China warned its citizens on Monday to exercise caution in travelling to Canada, citing "frequent violent actions" by law enforcement, amid ongoing tensions between Beijing and Ottawa.

The warning, published by the Chinese embassy on the WeChat messaging app platform, said Chinese citizens should pay close attention to the local security situation. It did not give specific examples on the violent actions.

In a news conference today, a spokesman for China's foreign ministry said Canada had "seriously violated international law and basic norms governing international relations, and grossly interfered in China's internal affairs." 

Zhao Lijian said Hong Kong's affairs are internal Chinese business and other countries have no right to get involved, and China reserves the right to further react. 

"China urges the Canadian side to immediately correct its mistakes and stop interfering in Hong Kong affairs and China's other internal affairs in any way so as to avoid further damage to China-Canada relations," Zhao said in a translated transcript posted to the Chinese foreign ministry's website.

The new security law gives Beijing much tighter control over protests and other forms of dissent in Hong Kong, on the grounds that these activities are outside threats to China's security. 

Last week Canada joined other countries in restricting exports to Hong Kong and complaining that the new law violates the principle of "one country, two systems" that is meant to govern Hong Kong's place in China. 

Canada also suspended its extradition agreement with Hong Kong. 

Trudeau said Canada would look at more measures, potentially including moves related to immigration. Britain, for instance, has created a path to citizenship for Hong Kong residents who have certain documents dating from when it was a British territory, prior to 1997. 

Watch: Trudeau says Canada is suspending the extradition treaty with Hong Kong:

Prime Minister Justin Trudeau spoke with reporters about the impact of Hong Kong's new security legislation at a food bank in Gatineau, Quebec on Friday. 2:14

Tensions between Canada and China have already been high, with China accusing Canada of malfeasance in detaining high-tech executive Meng Wanzhou on a U.S. extradition warrant and Canada accusing China of arbitrarily detaining Canadians Michael Kovrig and Michael Spavor since late 2018. 

Canadian exports of canola and meat to China have also been obstructed. 

Bob Rae, newly tapped as Canada's next UN ambassador, said Monday that working to get Kovrig and Spavor freed is a top priority. 

He said he supports Trudeau's position that no swap of Meng's freedom for theirs is reasonable, partly because it would reward China's behaviour. 

'We have a stake here': Rae

And he brushed off talk that China will warn its citizens against  travelling to Canada. 
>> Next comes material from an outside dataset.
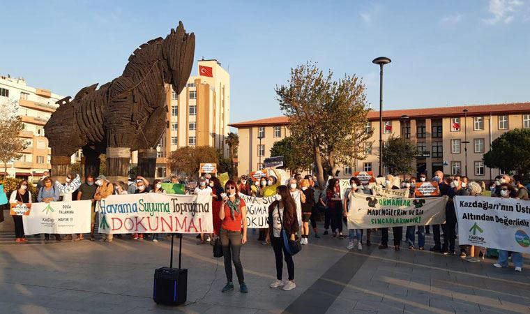 “Kaz Dağları’nın üstü altından değerlidir”, “Havama, suyuma, toprağıma dokunma” pankartlarının açıldığı eylemde konuşan Ekoloji Birliği Eşsözcüsü Süheyla Doğan, “Bu karar, Kaz Dağları’nı elini kolunu sallayarak delik deşik etmesine izin vermediğimiz Alamos içindir. Halilağa’da halkın katılımı toplantısını keyiflerince yaptırmadığımız Cengiz içindir. Bu tahliye, ‘Siz rahat olun, biz sizin yanınızdayız’ demek içindir” ifadelerini kullandı.

"I'm a great reader of George Orwell, and I think to really appreciate the world today you have to read 'Nineteen Eighty-Four.' Some strange things are going on," Rae said.

"For some country to suggest that this is a bad time to come to Canada is, frankly, bizarre. They have their own reasons for saying it, I don't think we should take it entirely seriously. Sometimes humour is a good relief when you're facing these moments." 

Canada has had a relationship with Hong Kong for centuries, he said, including defending it from Japanese attack in the Second World War. 

"We have a stake here and we have interests. We have many Canadians of Hong Kong origin. So it's not, we're not meddling in anybody else's business. We're talking about our business, our relationships, which are important to us, and we shouldn't shy away from expressing those thoughts," Rae said.